How the contexts actually talk
Two patterns cover 90% of inter-context communication:
Shared IDs and translation at the boundary. The HTTP controller in Order receives the authenticated AccountId from Identity's middleware, and the Order use case translates it to its own BuyerId. No object crosses the boundary. Only the ID does.
Domain events. When something interesting happens in one context, it emits an event. Other contexts subscribe if they care.
<?php
namespace App\Order\Domain\Events;
final class OrderPlaced
{
public function __construct(
public readonly OrderId $orderId,
public readonly BuyerId $buyer,
public readonly Money $total,
public readonly \DateTimeImmutable $placedAt,
) {}
}
Order publishes OrderPlaced. Billing has a subscriber that picks it up, looks up or creates a Payer by ID, and issues an invoice. Identity has a subscriber that updates the account's last_purchase_at for fraud scoring. Catalog has a subscriber that decrements stock.
<?php
namespace App\Billing\Application;
use App\Billing\Domain\PayerId;
use App\Order\Domain\Events\OrderPlaced;
final class IssueInvoiceOnOrderPlaced
{
public function __construct(
private readonly IssueInvoice $issueInvoice,
) {}
public function __invoke(OrderPlaced $event): void
{
$this->issueInvoice->handle(
PayerId::fromBuyerId($event->buyer),
$event->orderId,
$event->total,
);
}
}
Order does not know Billing exists. Billing knows that an OrderPlaced event exists, and what fields it carries, and that is the entire contract between the two contexts.

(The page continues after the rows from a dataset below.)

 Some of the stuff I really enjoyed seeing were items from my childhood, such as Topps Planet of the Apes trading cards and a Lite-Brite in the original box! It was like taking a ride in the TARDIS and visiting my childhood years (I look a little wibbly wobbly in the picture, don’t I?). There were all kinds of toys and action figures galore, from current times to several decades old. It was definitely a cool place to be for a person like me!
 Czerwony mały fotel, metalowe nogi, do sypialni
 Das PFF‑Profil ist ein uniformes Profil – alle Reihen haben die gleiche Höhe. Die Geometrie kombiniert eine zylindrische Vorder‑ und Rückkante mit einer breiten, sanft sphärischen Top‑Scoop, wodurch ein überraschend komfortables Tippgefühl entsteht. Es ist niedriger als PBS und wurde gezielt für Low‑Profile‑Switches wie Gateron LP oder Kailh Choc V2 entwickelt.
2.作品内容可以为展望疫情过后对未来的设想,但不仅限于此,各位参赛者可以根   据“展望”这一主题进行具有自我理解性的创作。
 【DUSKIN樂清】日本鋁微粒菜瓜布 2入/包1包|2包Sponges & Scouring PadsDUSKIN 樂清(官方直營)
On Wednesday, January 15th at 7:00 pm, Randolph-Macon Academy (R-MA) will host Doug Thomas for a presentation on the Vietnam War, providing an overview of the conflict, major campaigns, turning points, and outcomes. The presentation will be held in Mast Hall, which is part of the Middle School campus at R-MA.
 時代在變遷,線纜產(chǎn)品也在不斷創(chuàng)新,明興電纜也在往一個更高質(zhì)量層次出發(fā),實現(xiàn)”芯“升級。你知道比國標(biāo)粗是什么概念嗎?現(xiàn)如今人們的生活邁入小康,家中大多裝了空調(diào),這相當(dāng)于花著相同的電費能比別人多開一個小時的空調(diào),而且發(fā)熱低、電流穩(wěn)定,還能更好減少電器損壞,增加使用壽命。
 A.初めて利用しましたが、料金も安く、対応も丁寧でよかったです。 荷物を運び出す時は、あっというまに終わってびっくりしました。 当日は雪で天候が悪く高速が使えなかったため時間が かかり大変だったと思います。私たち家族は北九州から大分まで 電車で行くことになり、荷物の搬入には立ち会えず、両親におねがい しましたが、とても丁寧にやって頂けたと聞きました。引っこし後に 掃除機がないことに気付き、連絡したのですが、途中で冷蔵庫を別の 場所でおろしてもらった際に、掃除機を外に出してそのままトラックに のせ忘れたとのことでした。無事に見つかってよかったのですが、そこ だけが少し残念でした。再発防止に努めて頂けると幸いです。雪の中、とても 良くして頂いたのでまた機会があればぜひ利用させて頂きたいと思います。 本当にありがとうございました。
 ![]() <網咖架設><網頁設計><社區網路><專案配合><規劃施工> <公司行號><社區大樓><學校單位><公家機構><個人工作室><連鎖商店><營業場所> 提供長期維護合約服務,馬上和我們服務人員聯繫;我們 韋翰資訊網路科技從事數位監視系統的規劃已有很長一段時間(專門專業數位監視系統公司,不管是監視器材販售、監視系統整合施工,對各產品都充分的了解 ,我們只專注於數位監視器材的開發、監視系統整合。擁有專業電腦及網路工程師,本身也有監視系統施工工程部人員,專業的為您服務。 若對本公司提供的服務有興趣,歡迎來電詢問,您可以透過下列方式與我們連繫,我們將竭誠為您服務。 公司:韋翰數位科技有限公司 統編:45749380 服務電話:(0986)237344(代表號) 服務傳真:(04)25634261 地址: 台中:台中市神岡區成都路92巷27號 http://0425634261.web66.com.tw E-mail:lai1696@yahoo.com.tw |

Separate tables, separate Doctrine mappings
The namespace split earns its keep when the database follows. You don't need four databases. You need four logical schemas inside one.
-
identity.accounts— email, password_hash, mfa_factors, created_at -
catalog.viewers— viewer_id, region, currency, recently_viewed_skus -
sales.buyers— buyer_id, default_shipping_address_id -
sales.orders— order_id, buyer_id, total_cents, status, placed_at -
billing.payers— payer_id, vat_number, jurisdiction, dunning_state -
billing.invoices— invoice_id, payer_id, amount_cents, issued_at, paid_at
(order is a reserved word in most SQL dialects, so the Order context's schema is named sales here. Pick a non-reserved name your database is happy with.)
Postgres schemas, MySQL databases on the same server, or just a naming prefix in SQLite — pick what your operations team can run. The shape is the same. Identity owns accounts. Nobody else writes to it. Order owns buyers and orders. Nobody else writes to them. Billing owns the rest.
The migration files live in their owning context too:
src/Order/Infrastructure/Migrations/
src/Billing/Infrastructure/Migrations/
When you run the test suite for the Order context, you run only Order's migrations against a clean test database. When you deploy Billing, only Billing's migrations run. Cross-context queries are illegal at the application layer — if Billing needs an account's email to send a dunning notice, Identity exposes a read endpoint, or Billing keeps the email it cares about on its own Payer record, updated by event.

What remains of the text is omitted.